12 Jun

A bit of literature:

J.Soar et al, Resuscitation 81(2010)1400-1433

Resuscitation guidelines for pregnancy largely based on case series, extrapolation, manikin studies and expert opinion.

Maternal death associated with:

–       cardiac disease

–       pulmonary embolism

–       psychiatric disorders

–       hypertensive disorders of pregnancy

–       sepsis

–       haemorrhage

–       amniotic-fluid embolism

–       ectopic pregnancy

–       or same causes as women of the same age group

Left lateral tilt (LLT):

–       After 20 wks of gestation the pregnant uterus can press down against the inferor vena cava and the aorta

–       Non arrest studies show  LLT improves maternal BP, CO en stroke volume and improves getal oxygenation and heart rate

–       Two studies found no improvement with 10-20 degrees LLT

–       One study found more aortic compression and 15 degrees compared wth full LLT

–       Aortic compression is found to persist >30 degrees

–       Two non arrest studies showed than manual displacement is as good as / better than LLT in relieving aortocaval compression

–       Non cardiac arrest data show that a shift away from the cava occurs in 15 degrees left lateral ecubitus position

–       The value of relieving aortic or caval compression during CPR is however unknown

BLS modifications:

–       Help includes an obstetrician and neonatologist

–       Standard guidelines CPR

–       Manually displace the uterus to the left

–       Add LLT 15-30 degrees if this is feasible. Optimal angle unknown. The angle needs to allow good quality chest compressions and if needed an Caesarean

–       Prepare for emergency Caesarean section

ALS modifications:

–       Early tracheal intubation because of the greater potential for aspiration and to make the ventilation easier.

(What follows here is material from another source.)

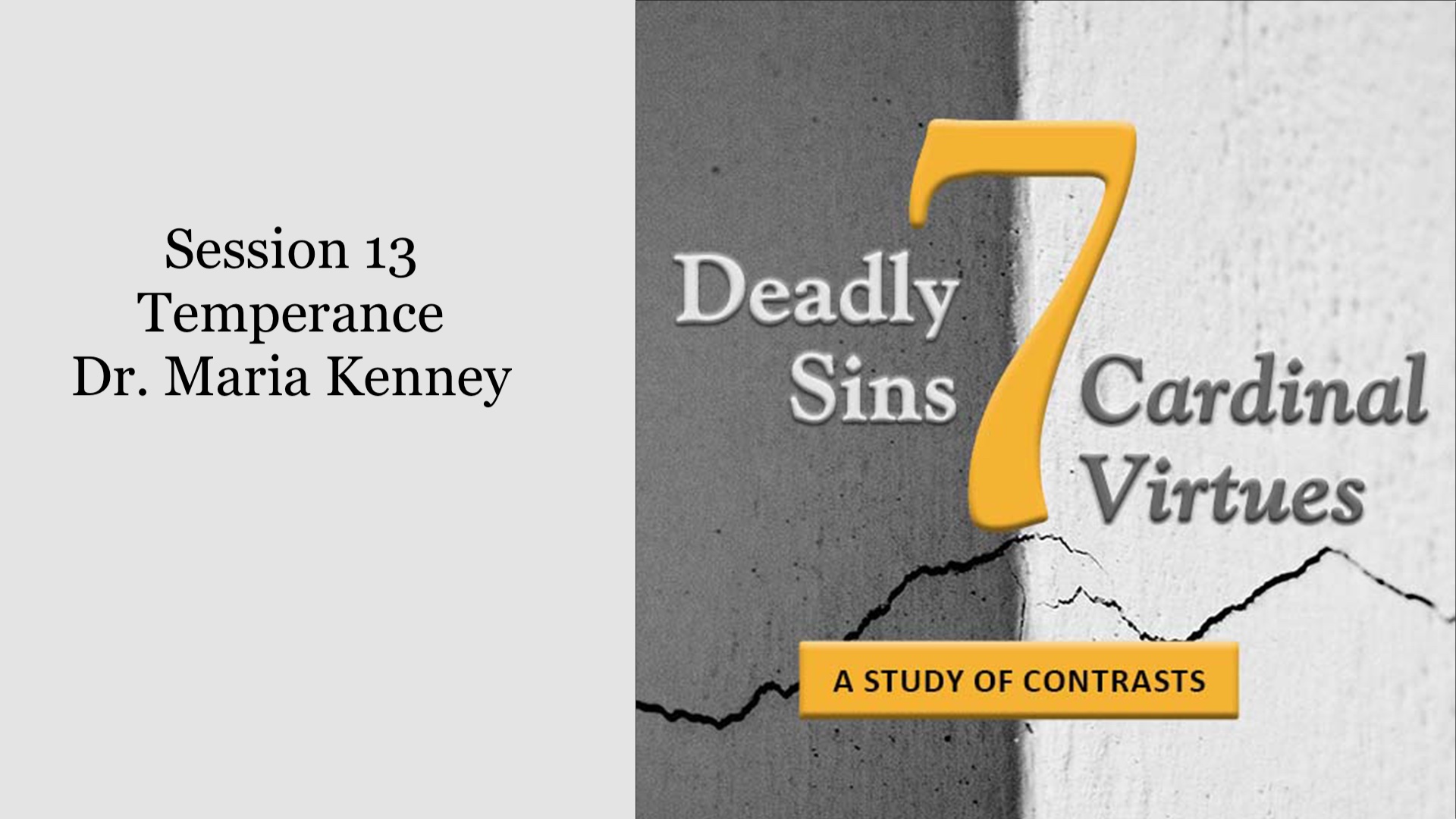 Dr. Maria Kenney leads us through our 13th session on the 7 Deadly Sins and 7 Cardinal Virtues discussing the virtue of Temperance.

–       Tube 0.5-1 mm smaller because of airway narrowing

–       Standard shock energies

Reversibe causes:


–       Postpartum single most common cause of maternal death wordlwide.

–       Ectopic pregnancy

–       Placental abruption

–       Placenta praevia

–       Placenta accreta

–       Uterine rupture

A massive haemorrhage protocol must be available.


Fluid resuscitation, rapid transfusion system and cell salvage.

Oxytocin and prostaglandin analogues to correct uterine atony.

Massaging the uterus.

Correction of coagulopathy, including the use of tranexamic acid or recombinant activated factor VII.

Uterine balloon tamponade.

Uterine compression sutures.

Angiography and endovascular embolization.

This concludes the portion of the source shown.